А мне почему-то страшно захотелось ударить его, проехаться кулаком по его самодовольной физиономии и стереть эту мерзкую и ядовитую усмешку с лица. Но я лишь стояла, буравя взглядом человека, который пытался меня сейчас унизить.
- Закатай губу, Уизли, - холодно начала я. – Спешу тебя разочаровать, но я еще пока слишком себя уважаю, чтобы позволить себе чувствовать что-то к такому жалкому ничтожеству, каким ты стал. Пытаясь унизить меня, ты сам падаешь все ниже и ниже.
Я все говорила и говорила, совсем позабыв о самоконтроле, о чувстве самосохранения. Мне хотелось задеть его, хотелось так по-детски ответить болью на боль, совсем не задумываясь о последствиях своих слов.
Я всегда была уравновешенной и рассудительной, но все мое спокойствие, вся моя оборона летела к чертям, стоило мне только оказаться рядом с этим невыносимым рыжим парнем, который пытался казаться сильнее, показать всем, что он независимый, и ему никто не нужен, однако это далеко не так. Он чего-то боялся всем сердцем и включал защитную реакцию, а я вместо того, чтобы реагировать сухо, поддавалась на провокации и делала только хуже.
Воцарилась гнетущая тишина, которая давила своим напряжением и накалом. Я ожидала самого худшего, прокрутила в голове сотни вариантов дальнейшего развития событий, и все это – за тот короткий промежуток времени, что мы сверлили друг друга взглядами, полными ненависти и презрения.

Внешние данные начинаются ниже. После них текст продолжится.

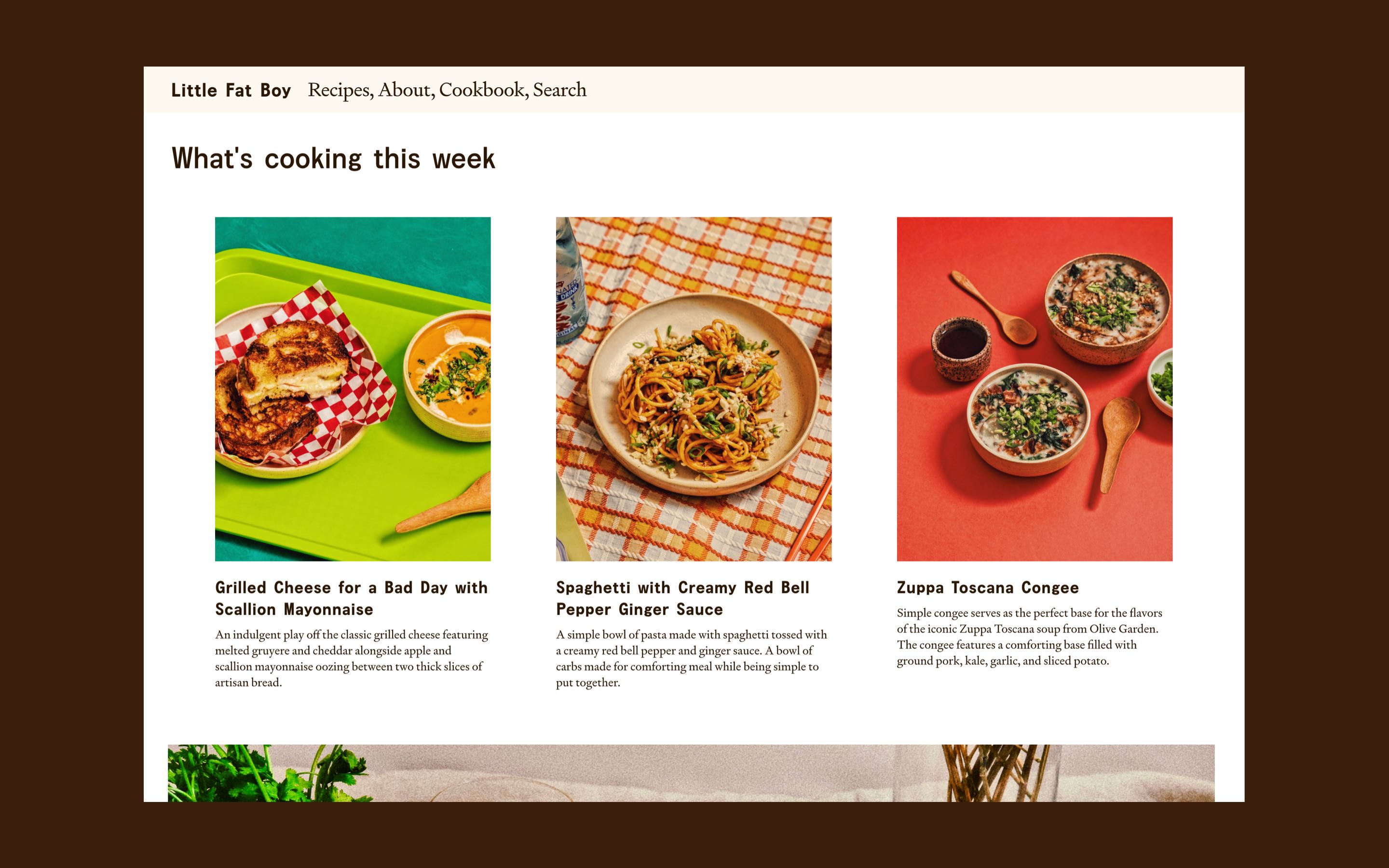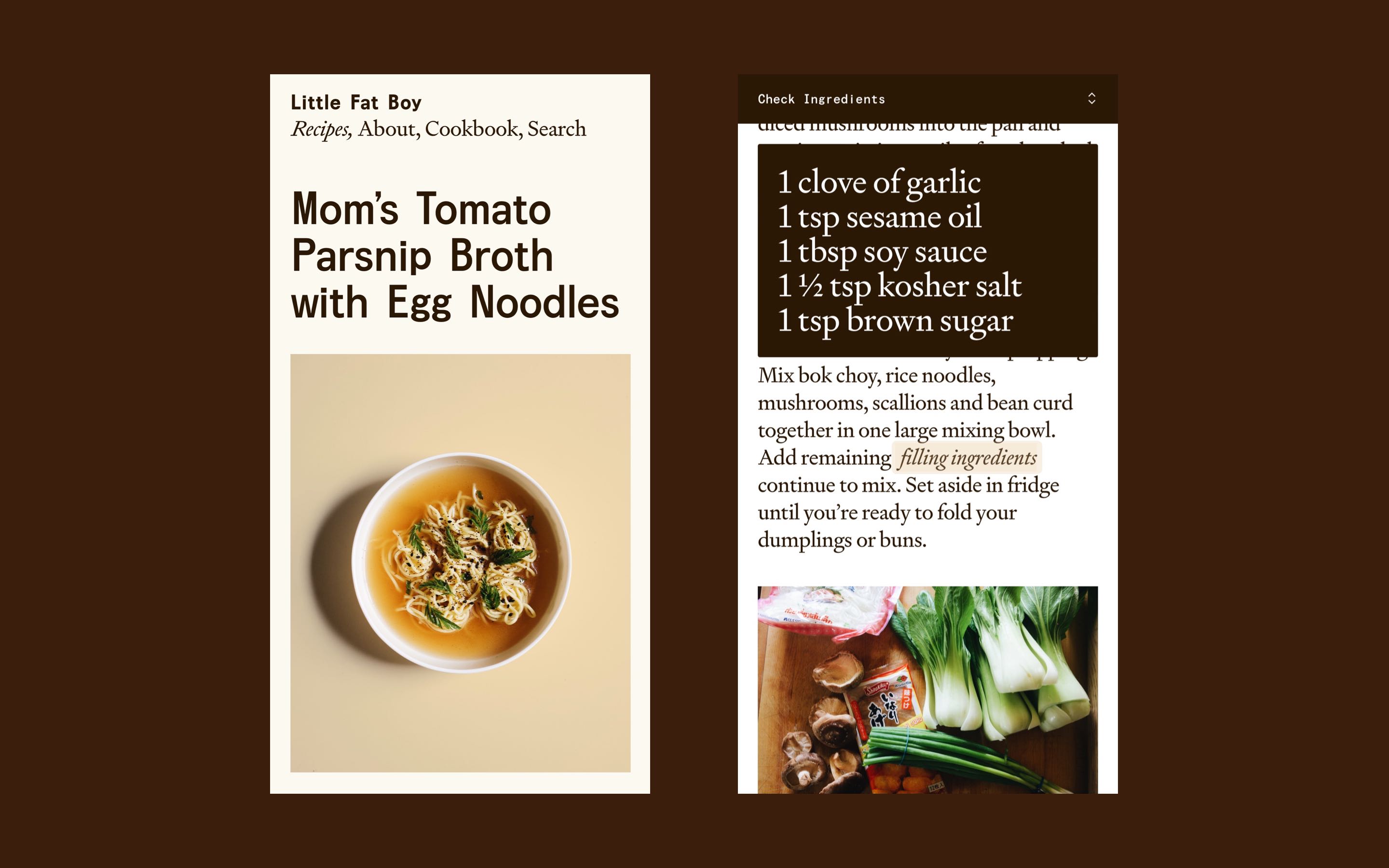 Web design and development for infectiously wholesome food personality Frankie Gaw, as a platform for his growing universe of recipes, stories, cookbooks, and more from a distinct Asian American perspective. The site balances a simple design language with traces of human touch to match Frankie’s casual personality and polished visual sensibilities. The site is a 2024 Webby Award winner.

- Все сказала? – слишком спокойно поинтересовался Джордж.
Я прищурилась, пытаясь сообразить, где же подвох, но парень выжидающе молчал.
- Все, - небрежно бросила я.
Еще несколько секунд юноша изучал мое лицо, а затем резко развернулся и подхватил пакеты с продуктами, а затем потащил их куда-то.
- Эй, стой! Ты куда? – Я ринулась вслед за ним.
Джордж выставил их за дверь, тогда как я застыла посреди коридора, пытаясь усмирить свой пульс, который учащался с каждой секундой моего пребывания в этом месте.
Парень развернулся на сто восемьдесят градусов и подошел ко мне, а я изо всех сил храбрилась, вздернув подбородок, тем самым показывая, что не боюсь его и того, что тот намеревается делать.
- Я тебя больше не задерживаю, - сухо сказал он.
А я не могла двинуться с места, кидая нервные взгляды с пакетов, стоящих за дверью прямо на улице, на Джорджа, терпение которого, похоже, вот-вот лопнет.
В одно мгновение он не выдержал и слишком грубо схватил меня за запястье. Я пискнула и напряглась всем телом, когда Джордж потащил меня к выходу.
- Отпусти, придурок, мне больно! – вопила я, понимая, что мы одни здесь, и, если что, мне никто не поможет.
Сопротивляясь, я не хило оцарапала руку Джорджа, но парень даже не поморщился, будто сейчас не на его коже выступили капельки алой крови.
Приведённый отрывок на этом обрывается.